Mi trovo in questo momento in un’oasi di pace, a Kyoto, ma potrei essere ovunque. Sono le 5 di pomeriggio, mi sdraio su una roccia del fiume e sistemo accanto a me il cappello di paglia, ormai inutile. Sono circondata da gente, perlopiù turisti come me estenuati dai classici giri turistici sotto questo caldo cocente. 

 Mi fermo un momento ad osservare e ad ascoltare. I sussurri delle coppiette che condividono lo stesso masso. Gli schiamazzi dei bambini che saltano da una parte all’altra e si rincorrono. I frenetici clic delle macchine fotografiche e degli smartphone, che immortalano gli ultimi momenti della giornata. La musica classica suonata con passione da un mendicante sotto il ponte. Sembra di ammirare un dipinto impressionista in stile moderno.
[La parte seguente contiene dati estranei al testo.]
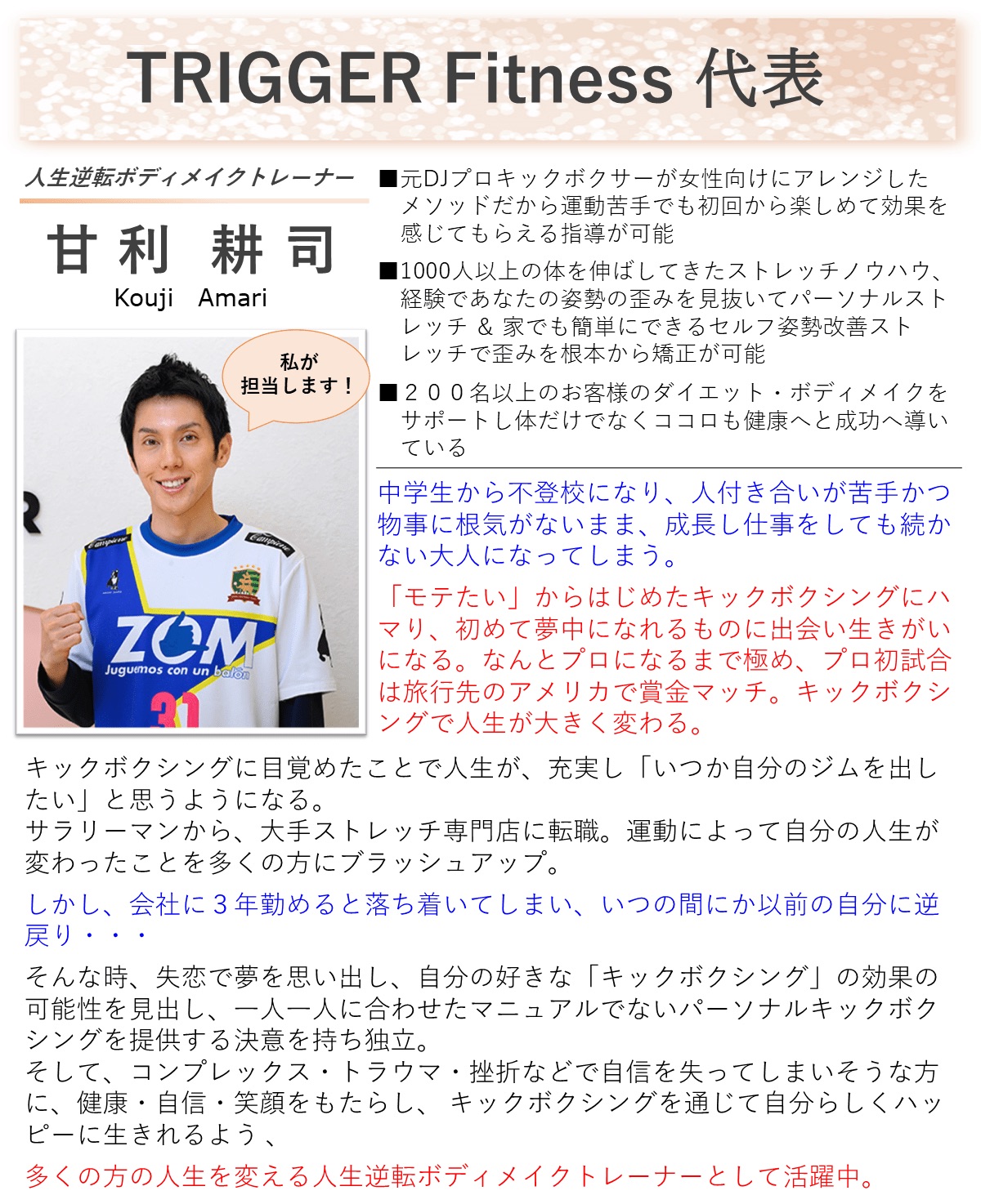 探していた所、トリガーフィットネス さんを見つけました。その時は現に通っていたジムに不満はなかったので、体験だけのつもりで、、、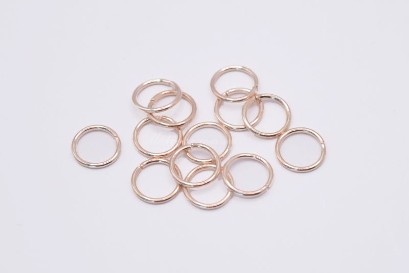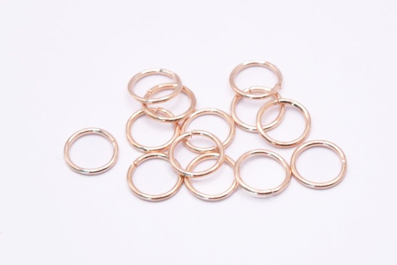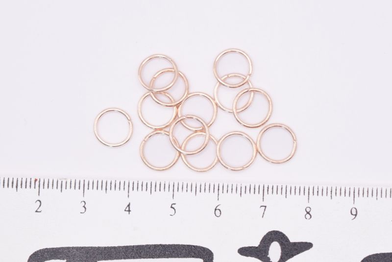 Колечка для з'єднання деталей бісерних виробів. Являють собою один віток щільної спіралі. Фасування: 2 г (приблизно 12-13 шт) Колір:Світле Золото Діаметр: 9 мм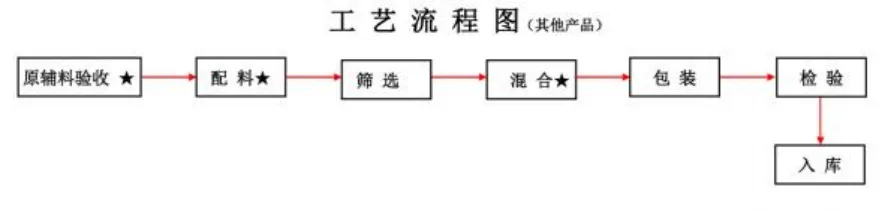调查发现,发生爆炸的是车间内的立式混合设备,较卧式混合设备容量小,可进行小批量订单生产,其结构、功能与未予许可的浆(裹) 粉生产设备基本相同。经检验鉴定,从爆炸的设备内部提取的爆炸物料与浆粉配料基本一致。浆(裹)粉主要生产工艺为采用小麦粉、食用玉米淀粉、氧化淀粉、木薯淀粉、食用盐、食品添加剂、香辛料等原料,通过配料、筛选、混合后制成不同成品,经包装、检验后产品入库。其工艺流程如下。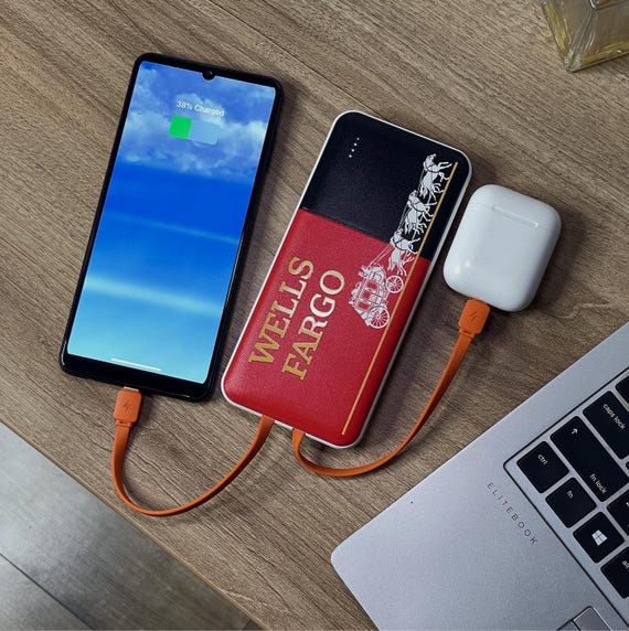 Custom Power Bank, Company Logo Corporate Gifts, Engraved Portable Charger with Cord, Promotional Items, Business Gift for Men Phone Charger

In un gesto ormai abitudinario e quasi morboso prendo il cellulare e apro la pagina di Facebook. Scorro i vari post del tutto disinteressata, poi vado nuovo su e mi fermo su una notizia che il mio cervello aveva quasi ignorato: quella dell’ennesimo attentato, questa volta in Iraq. 250 morti, tra cui molti bambini che con le loro famiglie festeggiavano la fine del Ramadan. Mi viene un groppo alla gola.

Sempre sdraiata, mi volto. Osservo il mondo che continua a girare come prima, ma il silenzio assordante di questa tragedia ha fatto in modo che tutto attorno a me ammutolisca. Ascolto solo il rumore dell’acqua del fiume. Il lieve rumore delle piccole onde, che timidamente rimbalzano e si scontrano con i massi. Panta rei. Tutto scorre. È questo il segreto? È questa l’essenza dell’umanità? Inseguire la felicità nelle piccole cose, come ci hanno insegnato, mentre a poche migliaia di chilometri, o anche meno, tutto ciò è stato negato per sempre a dei bambini? Siamo condannati ad assistere alla violenza che scorre e si propaga imperterrita? E così facendo, non siamo dei complici? Un’inquietudine mi invade, mentre fuori il mio sguardo non trapela il minimo sconforto.

“È proprio rilassante qui vero?” La voce viene dal mio nuovo amico tedesco che mi guarda sorridente con il sole che risplende sui suoi capelli biondi. “Sì, lo è”.